Astronomowie spierają się o tempo ekspansji wszechświata od prawie wieku. Nowa niezależna metoda pomiaru tego wskaźnika może pomóc w oddaniu decydującego głosu.
Po raz pierwszy astronomowie obliczyli stałą Hubble’a – tempo, w jakim wszechświat się rozszerza – na podstawie obserwacji kosmicznych błysków zwanych szybkimi rozbłyskami radiowymi lub FRB. Chociaż wyniki są wstępne, a niepewność jest duża, technika może dojrzeć do potężnego narzędzia do ustalenia nieuchwytnej stałej Hubble’a, donoszą badacze.
Ostatecznie, jeśli uda się zmniejszyć niepewności w nowej metodzie, może to pomóc w rozstrzygnięciu długotrwałej debaty, która utrzymuje równowagę naszego zrozumienia fizyki wszechświata.
„W przyszłości widzę wielkie obietnice w tym pomiarze, zwłaszcza w obliczu rosnącej liczby wykrytych powtarzających się FRB” – mówi astronom z Uniwersytetu Stanforda Simon Birrer, który nie był zaangażowany w nowe prace.
Astronomowie zazwyczaj mierzą stałą Hubble’a na dwa sposoby. Jeden wykorzystuje kosmiczne mikrofalowe tło, światło wyemitowane wkrótce po Wielkim Wybuchu w odległym wszechświecie. Drugi wykorzystuje supernowe i inne gwiazdy w pobliskim wszechświecie. Te podejścia nie zgadzają się obecnie o kilka procent. Nowa wartość z FRB pojawia się w tempie ekspansji około 62,3 kilometrów na sekundę na każdy megaparsek (około 3,3 miliona lat świetlnych). Chociaż jest niższy niż inne metody, jest wstępnie bliższy wartości z kosmicznego tła mikrofalowego lub CMB.
„Nasze dane zgadzają się nieco bardziej ze stroną CMB niż ze stroną supernowej, ale pasek błędu jest naprawdę duży, więc tak naprawdę nie można nic powiedzieć” – mówi Steffen Hagstotz, astronom z Uniwersytetu Sztokholmskiego. Niemniej jednak, mówi: „Myślę, że szybkie rozbłyski radiowe mogą być równie dokładne, jak inne metody”.
Nikt nie wie dokładnie, co powoduje FRB, chociaż jednym z możliwych wyjaśnień są erupcje z wysoce magnetycznych gwiazd neutronowych. W ciągu kilku milisekund, kiedy FRB emitują fale radiowe, ich ekstremalna jasność sprawia, że są widoczne na dużych kosmicznych odległościach, dając astronomom możliwość zbadania przestrzeni między galaktykami.
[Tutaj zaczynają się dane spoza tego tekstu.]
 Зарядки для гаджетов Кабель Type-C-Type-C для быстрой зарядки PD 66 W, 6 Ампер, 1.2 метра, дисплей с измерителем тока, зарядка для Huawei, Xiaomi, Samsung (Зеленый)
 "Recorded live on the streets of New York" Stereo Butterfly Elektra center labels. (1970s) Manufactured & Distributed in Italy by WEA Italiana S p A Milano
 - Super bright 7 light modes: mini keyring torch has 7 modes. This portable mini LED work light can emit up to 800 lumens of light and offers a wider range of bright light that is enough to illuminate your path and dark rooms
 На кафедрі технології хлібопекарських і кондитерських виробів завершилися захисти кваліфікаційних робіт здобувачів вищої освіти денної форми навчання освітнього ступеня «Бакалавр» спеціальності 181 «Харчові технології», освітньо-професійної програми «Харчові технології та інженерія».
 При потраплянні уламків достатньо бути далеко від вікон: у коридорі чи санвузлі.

Gdy sygnał FRB podróżuje przez pył i gaz oddzielający galaktyki, ulega rozproszeniu w przewidywalny sposób, co powoduje, że niektóre częstotliwości docierają nieco później niż inne. Im dalej od FRB, tym bardziej rozproszony jest sygnał. Używając pomiarów tego rozproszenia, Hagstotz i współpracownicy oszacowali odległości do dziewięciu FRB. Porównując te odległości z prędkościami, z jakimi galaktyki goszczące FRB oddalają się od Ziemi, zespół obliczył stałą Hubble’a.
Największy błąd w nowej metodzie wynika z niewiedzy dokładnie, jak sygnał FRB rozprasza się, gdy opuszcza swoją macierzystą galaktykę przed wejściem w przestrzeń międzygalaktyczną, gdzie zawartość gazu i pyłu jest lepiej zrozumiana. Dzięki kilkuset FRB zespół szacuje, że może zmniejszyć niepewność i dopasować dokładność innych metod, takich jak supernowe.
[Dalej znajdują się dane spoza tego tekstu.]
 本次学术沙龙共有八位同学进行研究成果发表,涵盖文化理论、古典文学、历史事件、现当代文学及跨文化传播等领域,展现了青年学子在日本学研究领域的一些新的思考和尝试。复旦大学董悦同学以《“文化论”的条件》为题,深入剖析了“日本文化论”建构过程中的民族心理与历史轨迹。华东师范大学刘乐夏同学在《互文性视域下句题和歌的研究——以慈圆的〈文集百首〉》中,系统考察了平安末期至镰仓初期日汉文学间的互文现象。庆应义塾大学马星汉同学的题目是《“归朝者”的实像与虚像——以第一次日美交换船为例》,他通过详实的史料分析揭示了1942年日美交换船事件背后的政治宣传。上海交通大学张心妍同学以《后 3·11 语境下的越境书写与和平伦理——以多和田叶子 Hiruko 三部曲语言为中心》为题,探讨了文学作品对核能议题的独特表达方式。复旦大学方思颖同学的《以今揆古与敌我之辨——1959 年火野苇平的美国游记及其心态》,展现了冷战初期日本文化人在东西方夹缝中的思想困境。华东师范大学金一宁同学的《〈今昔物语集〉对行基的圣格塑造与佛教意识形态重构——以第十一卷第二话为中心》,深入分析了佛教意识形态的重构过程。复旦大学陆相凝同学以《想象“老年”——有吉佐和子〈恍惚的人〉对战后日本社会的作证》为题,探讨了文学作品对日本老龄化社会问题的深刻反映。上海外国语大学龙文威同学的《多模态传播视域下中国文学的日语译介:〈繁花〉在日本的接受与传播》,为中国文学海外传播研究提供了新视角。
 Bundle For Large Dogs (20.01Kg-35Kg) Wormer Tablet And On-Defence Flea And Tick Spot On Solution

„To pierwszy pomiar, więc nie jest to zbyt zaskakujące, że obecne wyniki nie są tak dokładne, jak inne bardziej dojrzałe sondy”, mówi Birrer.
Nowe dane dotyczące FRB mogą pojawić się już wkrótce. Pojawia się wiele nowych obserwatoriów radiowych, a większe badania, takie jak te proponowane dla Square Kilometre Array, mogą odkrywać dziesiątki do tysięcy FRB każdej nocy. Hagstotz spodziewa się, że w ciągu najbliższego roku lub dwóch będzie wystarczająco dużo FRB z oszacowaniem odległości, aby dokładnie wyznaczyć stałą Hubble’a. Takie dane o FRB mogą również pomóc astronomom zrozumieć, co jest przyczyną jasnych wybuchów.
„Jestem bardzo podekscytowany nowymi możliwościami, które wkrótce będziemy mieli”, mówi Hagstotz. „To naprawdę dopiero początek”.